Where are the object-level values actually stored?
Is there a way to change these values without direct attribute access to the descriptors?
(ex. when class C has __dict__ you can do C.__dict__['key'] instead of C.key)
Can one "extend" the immutability of an object defining __slots__ by creating similar class-level descriptors? And as further elaboration of this; can one build an immutable object using metaclasses but not defining __slots__ explicitly by creating said descriptors manually?
__slot__ attributes are allocated in the native memory representation of the object, and the descriptor associated to the class that access then actually uses native C methods in CPython to set and retrieve a reference to the Python objects attributed to each slot attribute on the class instances as a C structure.

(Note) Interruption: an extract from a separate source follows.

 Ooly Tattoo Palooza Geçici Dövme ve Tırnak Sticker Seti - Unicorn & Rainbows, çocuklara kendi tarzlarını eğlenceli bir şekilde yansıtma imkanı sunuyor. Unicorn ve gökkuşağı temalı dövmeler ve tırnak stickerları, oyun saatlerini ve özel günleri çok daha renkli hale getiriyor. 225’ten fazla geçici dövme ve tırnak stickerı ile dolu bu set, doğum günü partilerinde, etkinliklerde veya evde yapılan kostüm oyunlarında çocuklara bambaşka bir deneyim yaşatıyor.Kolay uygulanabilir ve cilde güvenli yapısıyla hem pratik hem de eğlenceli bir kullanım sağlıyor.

The descriptor for slots, presented in Python with the name member_descriptor is defined here: https://github.com/python/cpython/blob/master/Objects/descrobject.c
You can't perform or enhance these descriptors from pure Python code in anyway without using CTypes to interact with native code.

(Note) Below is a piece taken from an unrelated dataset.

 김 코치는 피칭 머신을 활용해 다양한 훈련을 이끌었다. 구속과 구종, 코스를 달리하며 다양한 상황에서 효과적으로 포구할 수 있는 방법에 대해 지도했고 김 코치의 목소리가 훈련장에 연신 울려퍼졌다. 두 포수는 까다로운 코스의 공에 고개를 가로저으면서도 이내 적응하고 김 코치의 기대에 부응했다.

It is possible to get to their type by doing something like
class A:
__slots__ = "a"
member_descriptor = type(A.a)
And then one could supose it would be possible to inherit from it, and write derived __get__ and __set__ methods that could do chekings and such - but unfortunately, it won't work as a base class.
However, it is possible to write other, parallel, descriptors that could in turn call the native descriptors to actually store the values.

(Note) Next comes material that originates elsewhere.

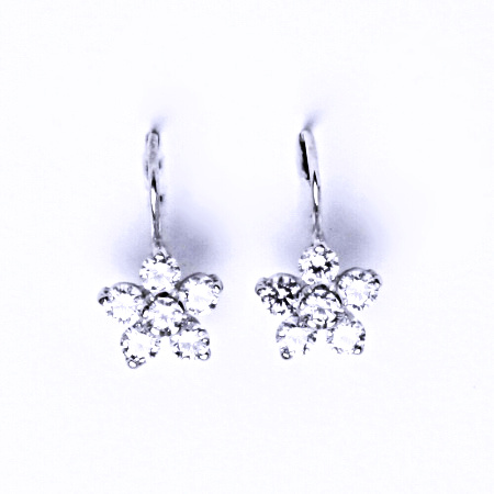Stříbrné náušnice na klasické patentové zapínání jsou zdobeny čirými zirkony, tvar kytičky o průměru 9 mm. Naše šperky se zirkony mají povrchovou úpravu čisté rhodium. Celková velikost náušnice i s háčkem je 15 mm.

By using a metaclass, it is possible at class creation time to rename the passed in __slots__ and wrap their access in custom descriptors that could perform extra checks - and even hide then from "dir".
So, for a naive type checking slots variant metaclass, one could have
class TypedSlot:
def __init__(self, name, type_):
self.name = name
self.type = type_
def __get__(self, instance, owner):
if not instance:
return self
return getattr(instance, "_" + self.name)
def __set__(self, instance, value):
if not isinstance(value, self.type):
raise TypeError
setattr(instance, "_" + self.name, value)
class M(type):
def __new__(metacls, name, bases, namespace):
new_slots = []
for key, type_ in namespace.get("__slots__", {}).items():
namespace[key] = TypedSlot(key, type_)
new_slots.append("_" + key)
namespace["__slots__"] = new_slots
return super().__new__(metacls, name, bases, namespace)
def __dir__(cls):
return [name for name in super().__dir__() if name not in cls.__slots__]